Second, companies should share more detailed information about their risk projections over the coming months and years, alongside detailed descriptions of the measures they are taking to understand and limit those risks. While companies already publish versions of these, known as preparedness frameworks, Stein-Perlman deems most “inadequate, barely better than nothing”. More detailed information would allow external evaluators to assess whether companies are adequately preparing for impending risks, and sound the alarm if not.
Finally, companies should guarantee whistleblower protections, particularly for employees who report on violations of the law or extreme risks. This would add a layer of credibility by increasing the likelihood of exposure for deceptive practices. Alternatively, a third-party evaluator could conduct thorough audits to check for compliance. “The AI companies kind of both do the homework and grade the homework,” observes Wildeford. “There’s inherent conflicts of interest in that sort of system.”
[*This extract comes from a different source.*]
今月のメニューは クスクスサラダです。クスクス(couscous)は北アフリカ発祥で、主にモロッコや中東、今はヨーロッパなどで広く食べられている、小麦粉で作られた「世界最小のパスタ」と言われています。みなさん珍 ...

At a time when companies are barely meeting their existing transparency commitments, asking for more might seem ambitious. But experts insist it’s an essential step towards tackling the risks that companies themselves are warning about — and, crucially, is much lighter-touch than actual regulation. “We’re not stepping in and telling [the companies] what they have to do,” Wildeford says. “What we are doing is requesting the necessary information that it takes to evaluate whether companies are telling the truth, making it harder for them to sweep things under the rug and pretend their models are safer and more reliable than they are.” In a world where companies can’t be held accountable for their safety commitments, it would be nice if society at least understood the coming risks.
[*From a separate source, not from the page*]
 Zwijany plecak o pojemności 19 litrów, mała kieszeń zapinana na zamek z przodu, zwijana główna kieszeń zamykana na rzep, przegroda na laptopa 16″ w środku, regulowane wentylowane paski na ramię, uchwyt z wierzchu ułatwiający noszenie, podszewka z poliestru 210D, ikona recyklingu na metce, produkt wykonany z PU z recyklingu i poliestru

Disclosure: The author’s partner works at Google DeepMind.
I appreciate the concerns raised here, and the push for greater transparency is understandable. But I can’t help feeling a bit frustrated. By now, saying “we need transparency” is becoming something of a mantra.
We all want the upsides of transparency: accountability, scrutiny, early warning, without the downsides like leaking sensitive information across labs or to adversarial states. But hitting that goldilocks is hard. It’s only going to get harder as we see more soft nationalisation and geopolitical entrenchment.
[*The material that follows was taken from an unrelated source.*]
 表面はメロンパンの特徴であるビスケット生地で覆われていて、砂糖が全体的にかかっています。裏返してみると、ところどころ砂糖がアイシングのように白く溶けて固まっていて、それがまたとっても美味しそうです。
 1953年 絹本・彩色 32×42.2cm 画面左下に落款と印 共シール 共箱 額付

We need practical mechanisms to create transparency. How do you safely share capability evaluations across labs? What kind of third-party audit frameworks actually work under NDAs or security constraints? Can governments mandate structured disclosure without driving models underground?
This piece does gesture at some of that, but I’d love to see the discourse shift even more toward implementable, scalable mechanisms.